Top-rated horror films score competitively on IMDB — but attract far fewer community votes than drama and comedy, pointing to a narrower audience base that may weigh against Oscar recognition.
The top horror films each year have historically had a lower audience IMDB score than the top films in other genres, which might be contributing to the difficulty in horror converting nominations into wins. Drama films and comedies continue to be highly rated by audience members, playing into their continued success with Oscar nominations and wins.
Recent years have seen horror ratings trend upward, a promising sign for the genre. When measuring popularity by number of votes rather than rating, drama still leads, though adventure and comedy shift in the rankings.
Short films (running for 40 minutes or less) were a clear outlier — highly rated but with very few community votes (an average of 2,886 compared to 278,614 for drama). Since shorts are generally nominated in their own categories rather than competing against feature films, we excluded them from the analysis. Apologies to Tom & Jerry and their impressive 13 nominations and seven wins — along with 45 short film nominations that spilled into non-short categories like Original Song.
If we reproduce the analysis from earlier, we end up with the following graphs which represent the conditional probability that a film in the genre wins an Oscar given the film was nominated and the film was one of the top 10 films of its genre for the year.
When popularity is measured by IMDB rating rather than vote count, horror's conversion rate nearly matches drama's — suggesting the genre's Oscar barrier may be about reach, not quality.
Most genres saw a higher likelihood of conversion when the top 10 IMDB-rated films were included in the analysis compared to the top 10 voted films. Conversely, documentary saw a large decrease between the two metrics with popular documentaries more likely to convert a nomination to a win than highly rated documentaries. Short films (not shown in this analysis) followed a similar trend before they were removed from the analysis, which might indicate the difficulty that audience members have in rating these genres.
When comparing the IMDB rating, there was only a 0.2% difference between the conversion rate of drama and horror films (28.2% vs 28.0%).
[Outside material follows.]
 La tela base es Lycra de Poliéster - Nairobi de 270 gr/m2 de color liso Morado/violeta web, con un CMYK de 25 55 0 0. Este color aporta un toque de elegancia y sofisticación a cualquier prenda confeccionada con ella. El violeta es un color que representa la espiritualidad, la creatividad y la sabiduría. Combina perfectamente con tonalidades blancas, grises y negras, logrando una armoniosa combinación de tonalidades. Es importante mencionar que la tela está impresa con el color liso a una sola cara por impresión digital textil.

There was also a large gap between horror and comedies in this metric with only a 22.5% conversion rate for top comedy films.
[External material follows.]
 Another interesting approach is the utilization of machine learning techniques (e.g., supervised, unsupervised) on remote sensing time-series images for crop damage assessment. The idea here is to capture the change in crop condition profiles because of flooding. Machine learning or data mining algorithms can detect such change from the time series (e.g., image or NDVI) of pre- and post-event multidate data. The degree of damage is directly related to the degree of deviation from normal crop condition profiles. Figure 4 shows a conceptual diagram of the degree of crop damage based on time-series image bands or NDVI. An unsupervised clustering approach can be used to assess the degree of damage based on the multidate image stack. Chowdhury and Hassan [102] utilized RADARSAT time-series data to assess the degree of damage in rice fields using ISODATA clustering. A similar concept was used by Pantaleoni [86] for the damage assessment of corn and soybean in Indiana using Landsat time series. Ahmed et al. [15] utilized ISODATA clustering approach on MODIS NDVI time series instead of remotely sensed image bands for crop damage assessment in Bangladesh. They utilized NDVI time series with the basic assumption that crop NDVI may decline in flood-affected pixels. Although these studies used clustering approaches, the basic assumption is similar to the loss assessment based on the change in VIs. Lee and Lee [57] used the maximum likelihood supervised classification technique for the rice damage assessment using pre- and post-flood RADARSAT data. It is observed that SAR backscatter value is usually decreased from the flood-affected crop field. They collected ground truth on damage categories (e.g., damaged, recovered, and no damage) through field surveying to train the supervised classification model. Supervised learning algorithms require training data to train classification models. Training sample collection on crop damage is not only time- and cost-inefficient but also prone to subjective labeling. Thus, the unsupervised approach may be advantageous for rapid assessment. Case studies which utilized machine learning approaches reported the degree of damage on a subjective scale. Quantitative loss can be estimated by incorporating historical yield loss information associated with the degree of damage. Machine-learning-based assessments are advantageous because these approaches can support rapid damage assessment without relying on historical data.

As discussed previously, horror films have tended to perform better in the technical categories rather than major categories such as acting.
Horror punches above its weight in writing categories — but trails comedy and drama across acting, directing and most major award categories where Oscar races are won.
Surprisingly, horror has tended to perform better than both comedy and drama films in the writing categories. This is heavily dependent on the lack of horror writing nominations with three wins (The Exorcist, The Silence of the Lambs, Get Out) from six nominations (Dr. Jekyll and Mr. Hyde, Rosemary’s Baby and The Substance being the three non-winning nominations). Compared to this, comedy films have been nominated 335 times for 60 wins and drama films have been nominated 882 times for 186 wins.
Similarly, horror has a slight edge in Best Picture race due to the lack of historic nominations. From five previous nominations, horror has won the Best Picture race only once when Silence of the Lambs claimed victory.
Horror has always produced landmark cinema — but the Academy has been slow to recognise it. The data shows that when horror films do get nominated, they earn it, averaging an IMDB rating above the overall nominee average.
With a record number of horror nominations this year, the 2021 expansion of the Academy's voting pool bringing greater diversity, and audience ratings for horror trending upward, the conditions for a breakthrough are arguably stronger than ever.
Will Sinners make history on Oscar night? The data suggests it has a fighting chance.